The Problem of Outdated Medical Information
Healthcare providers who rely on Large Language Models also do so at the risk of relying on outdated information. LLM systems are frozen in time, only containing medical knowledge up to their last training date. For instance, an LLM trained on data through 2023 would be unaware of new treatment protocols, recently discovered drug interactions, or emerging public health threats that emerged afterward. This temporal limitation becomes particularly dangerous in rapidly evolving medical situations, such as during disease outbreaks or when new research reveals previously unknown complications of common medications. Consider a healthcare provider in 2025 consulting an LLM about best practices for treating a specific condition – the system might suggest an outdated protocol that has since been proven ineffective or even harmful.
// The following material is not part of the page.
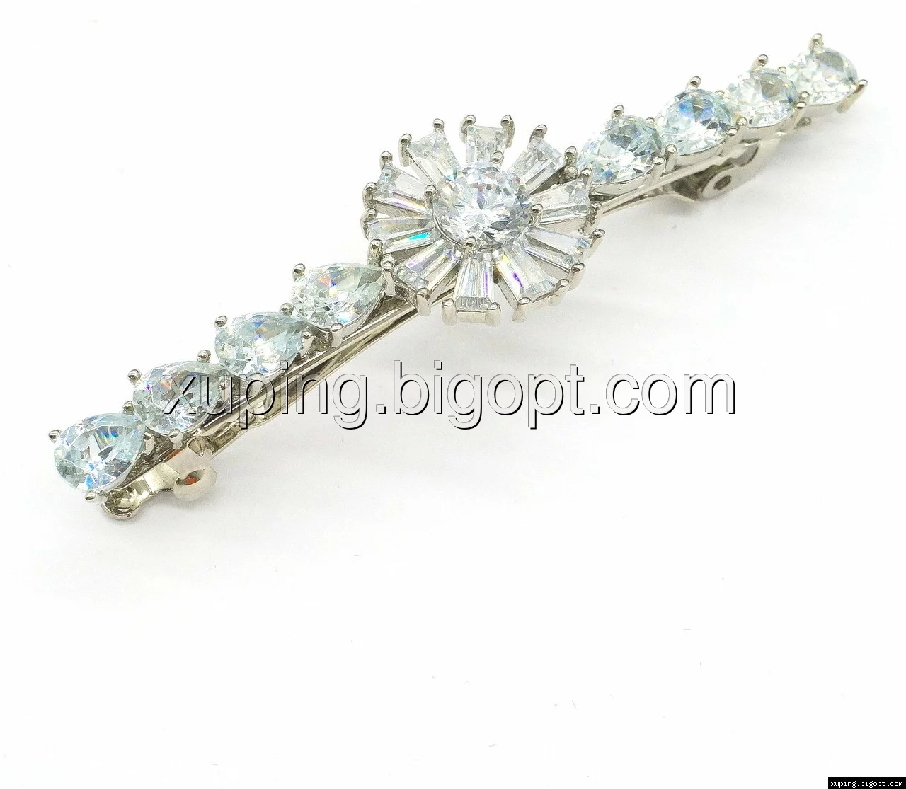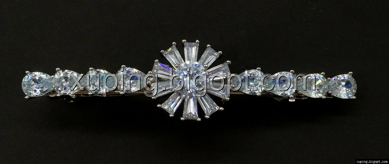 Заколка родированная, Цветок с багетным цирконием

Similarly, the system would be unaware of newly identified side effects, updated diagnostic criteria, or revolutionary treatment options that became standard practice after its training cutoff. If healthcare providers blindly trust these outdated recommendations instead of independently reviewing the current medical literature and continuing education, they may inadvertently provide substandard care that fails to meet Louisiana’s medical standard of care requirements.
Legal Implications for Louisiana Healthcare Providers
In Louisiana, healthcare providers have a legal obligation to provide care that meets established professional standards. When providers rely primarily on LLMs instead of their medical training and judgment, they risk falling below this standard of care. If a patient suffers harm due to a missed diagnosis or delayed treatment because a healthcare provider followed an LLM’s recommendations without proper clinical verification, this could constitute medical malpractice under Louisiana law.
Moving Forward
Healthcare providers’ reliance on so-called artificial intelligence tools like Large Language Models will likely continue to increase in the coming years. While these technologies offer benefits when used appropriately, they should never replace proper medical assessment and clinical judgment. If you believe your healthcare has been compromised by a provider’s over-reliance on AI tools, documenting your experiences and seeking legal guidance promptly can help protect both your rights and the quality of healthcare in our community. These cases not only affect individual patients but also help establish important precedents about the appropriate use of AI in medical settings.
Louisiana law provides clear protections for patients who have been harmed by medical negligence, including cases involving improper use of technology. Understanding these rights—and acting on them when necessary—helps ensure that healthcare providers maintain appropriate standards of care as they integrate new technologies into their practice.